= Genius Loci Weimar =

Genius Loci Weimar is a three-day festival for audiovisual art, video mapping and facade projections, which takes place annually at various locations in the cultural city of Weimar, Germany. The festival was launched in 2012 by festival founder Hendrik Wendler.

== Festival ==
Artists from various disciplines, such as video art, new media art, architecture, animation and music, participate in the festival. In the run-up to the festival, an international competition is announced in which artists can submit their works. During the festival weekend, up to three building facades in Weimar will be used to display the video projects selected in the competition. From dusk until midnight, the artists will project their contributions, which are limited to a maximum of fifteen minutes, onto selected buildings in the city center. In addition to the main projections, other audiovisual installations, known as side acts, will also be presented on the festival grounds.

Among the most famous buildings to date are the Goethe and Schiller Archive, the German National Theater and State Orchestra Weimar, the German National Theater (DNT), the Anna Amalia Library, the former Gauforum, and the City Palace, the Bastille, the new Bauhaus Museum and the Buchenwald memorial.

Each year, the festival is dedicated to a theme that combines the Genius Loci of the venue with current social issues. In 2025, the theme will be Goethe's Faust.

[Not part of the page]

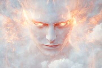 Orbital design features a pellucid portrait capturing a hypnotic face with fiery eyes amid ethereal clouds
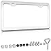 【100% Stainless Steel】:Made of high-quality stainless steel that strength is higher than aluminum, it's not easy to deform. This silver license plate frame is polished to a mirror 'chrome-like' finish, blingy and rustproof.

The festival is one of the events of the Weimar Summer and is organized and produced by MXPerience gUG (limited liability). Since 2012, more than 50,000 visitors have attended the interdisciplinary festival each year.

== Competition ==
As part of the annual competition, artists from all over the world are invited to submit their conceptual ideas for the Genius Loci Weimar Festival. The three best artistic works will be awarded a total of €35,000 in prize money and presented at the festival in Weimar.

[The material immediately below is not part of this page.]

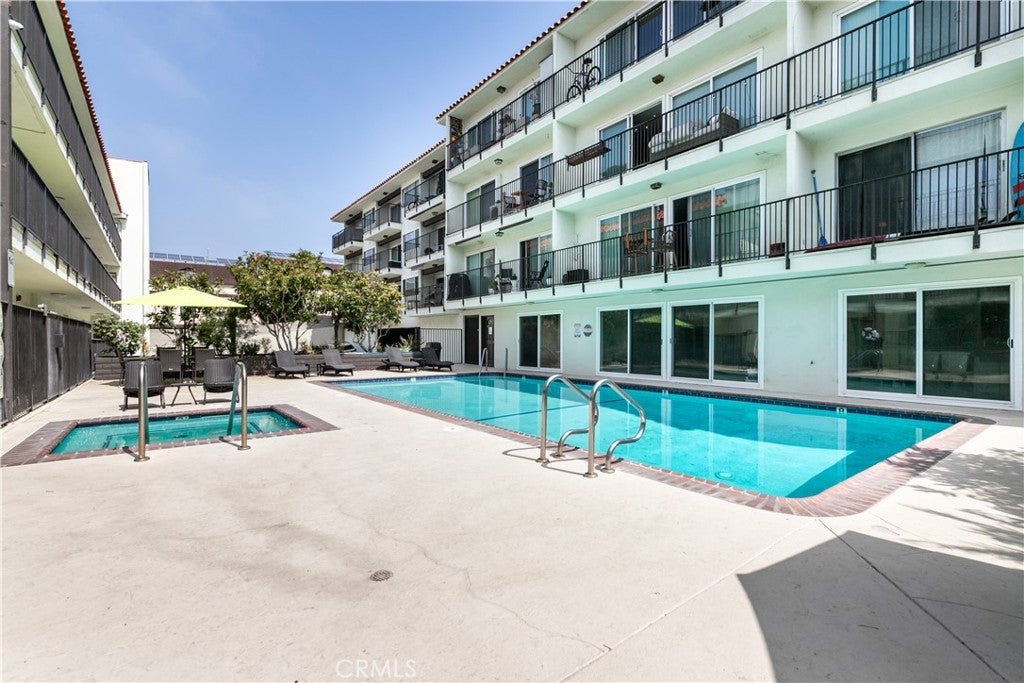 Refined coastal living becomes your everyday reality in this beautifully updated and meticulously curated home, nestled in the heart of one of Hermosa Beach’s most vibrant and sought-after communities. This sleek one-bedroom residence blends modern sophistication with effortless beachside comfort. Ideally positioned just steps from the scenic Greenbelt, one block from all that Pier Avenue offers, and moments from the sand, this home offers seamless access to acclaimed restaurants, boutique shopping, cafés, and beloved annual beach events. With a high walk score, secure building access, and close proximity to the Hermosa Pier, you’re perfectly situated to enjoy the area’s most celebrated coastal amenities—from high-end grocery options and organic eateries to marquee events like the Beach Life Festival and world-famous volleyball tournaments. Set around a lush, tree-filled courtyard featuring a variety of mature trees, a bright lemon tree, vibrant landscaping, and frequent hummingbird visits, the community provides a peaceful retreat rarely found along the coast. Amenities include a heated pool, spa, and recreation area—ideal for both relaxation and social gatherings. Inside, the residence has been thoughtfully refreshed. Nearly every surface has been newly painted, while double-pane windows and sliding doors enhance comfort and quiet. Custom interior and closet doors, engineered wood flooring, updated fixtures, and well-designed storage add cohesion and style. Sun-filled, west-facing windows illuminate the open concept layout, and the home’s footprint—nearly 100 sq. ft. larger than comparable units—creates a notably more spacious living experience. Including the oversized bedroom that easily accommodates a king-sized bed with additional space for a home office, reading nook, or creative area. The generous, uniquely shaped balcony extends the living space. It provides a view of the Greenbelt and the central courtyard and has room for a seating setup and a BBQ, bringing the breeze indoors. Clean, bright, and move-in ready, this exceptional home offers an elevated beachside lifestyle—ideal for first-time buyers, those seeking a refined coastal retreat, or pet owners who value green spaces and walkability.

Each year, up to three artistically challenging and historically relevant building facades in the city of Weimar are selected for the competition. The competition seeks concepts that capture the spirit of the place by combining natural conditions with human creativity.

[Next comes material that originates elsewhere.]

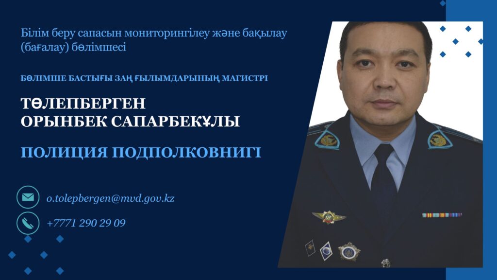 бөлімше бастығы заң ғылымдарының магистрі, полиция подполковнигі

The special requirements for the artistic works are to develop an independent visual language and not to lose themselves in historical retelling or clichéd sensationalism. The focus is on the “Genius Loci”, the spirit of the place, which is to be made visible with new media art techniques, thus adding another level of meaning to the place itself.

To participate, artists must submit their works in the form of a 30-second video clip. All competition entries will then be shown in a public traveling exhibition in Weimar. The three best works will be determined by a public vote on the website and by a jury of experts.